James Jefferson Webster Sr. (September 27, 1898 – May 24, 1965) was an American businessman, farmer, and politician. He owned a dairy and tobacco farm, tobacco warehouses, a general store, and co-ran a car dealership in Rockingham County, North Carolina. A Democrat, Webster served as a Rockingham County commissioner for ten years. As a county commissioner, he played a role in the development of North Carolina Highway 135, which was posthumously named after him, and worked on the gubernatorial campaign of W. Kerr Scott.

Biography 
James Jefferson Webster was born on September 27, 1898 in Patrick County, Virginia to James William Webster and Lillie Frances Davis. He was one of six children. The family relocated to Rockingham County, North Carolina where his father was possibly employed in the construction of the Avalon Mill. By the time he was six, Webster was orphaned, and he spent the next few years living with his brothers and other families. On December 24, 1923, he married Nannie Hurt Strong in Martinsville, Virginia and had five children with her: James Jefferson II, Nancy, Anne Margaret, Robert Penn, and John Ray.

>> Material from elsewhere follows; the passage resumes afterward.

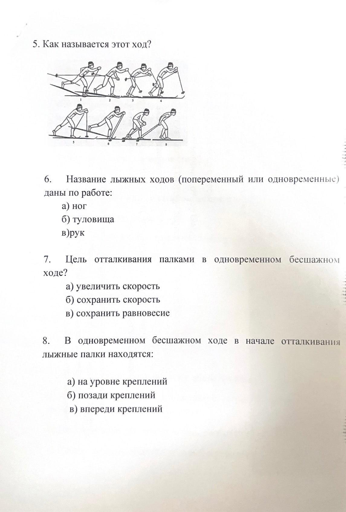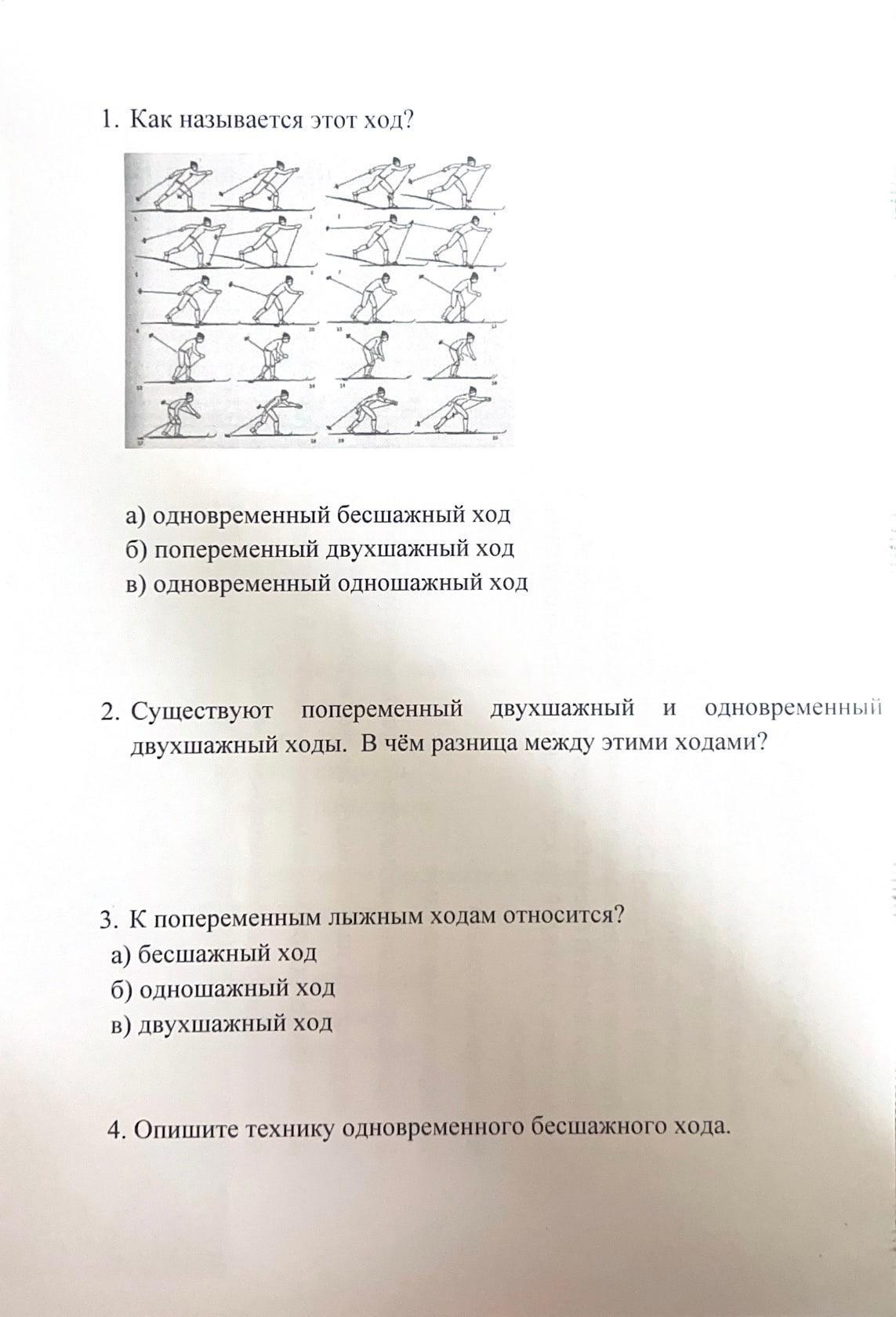 Ответ: 1:б 2:в работе рук 3:в 4: Одновременный бесшажный ход используется на пологих спусках, а при хорошем скольжении на равнине (на ровных участках местности)

In 1927 Webster purchased a wood-built store at the intersection of North Carolina Highway 135 and Settle Bridge Road in Rockingham County and opened J.J. Webster's Store. As the local general store, it served as a gathering point for the Shiloh community. Webster used his position as the store's owner to assist struggling families in the area; he allowed farmers to purchase goods on credit and would wait to call their tab after their tobacco had been sold. Webster was also a tobacco and dairy farmer and operated tobacco warehouses in Stoneville and Clarkton. On May 1, 1937 Webster, together with George Amos Dillon, Robert Smith, and Clyde Smith, opened an Oldsmobile car dealership in a sheet-metal garage building in Madison under the name of W.D.S. Motors, Incorporated. A new W.D.S. Motors building opened on October 5, 1940. In 1955 the wooden J.J. Webster Store building was moved and a brick structure was erected in its place.

On March 19, 1936, Webster served as a witness in Raleigh, alongside J.S. Carter and J.S. Doyle, at the execution of Jake Johnston, a black man who was charged with attacking an elderly white schoolteacher in Rockingham County in 1935.

Political career 

On November 3, 1942 Webster—receiving 241 votes from Madison—was elected as a member of the Democratic Party to the Rockingham County Board of Commissioners. In the late 1940s he worked on W. Kerr Scott's successful gubernatorial campaign. When Scott passed a large road construction project through the state legislature, Webster used his position as county commissioner to ensure that N.C. Highway 135 and Settle Bridge Road were paved. He remained on the Board of Commissioners until 1952.

Death 
Webster suffered a heart attack and died on May 24, 1965. He was buried at Centenary United Methodist Church in Stoneville, where he was a parishioner.

Legacy 

J.J. Webster's Store was run by Webster's family after his death. After his son, James Jefferson Webster II, died, the stock of the business was sold to a family friend in 1978. The brick store was closed on December 31, 1994 and soon thereafter demolished to make room for an expansion of N.C. Highway 135.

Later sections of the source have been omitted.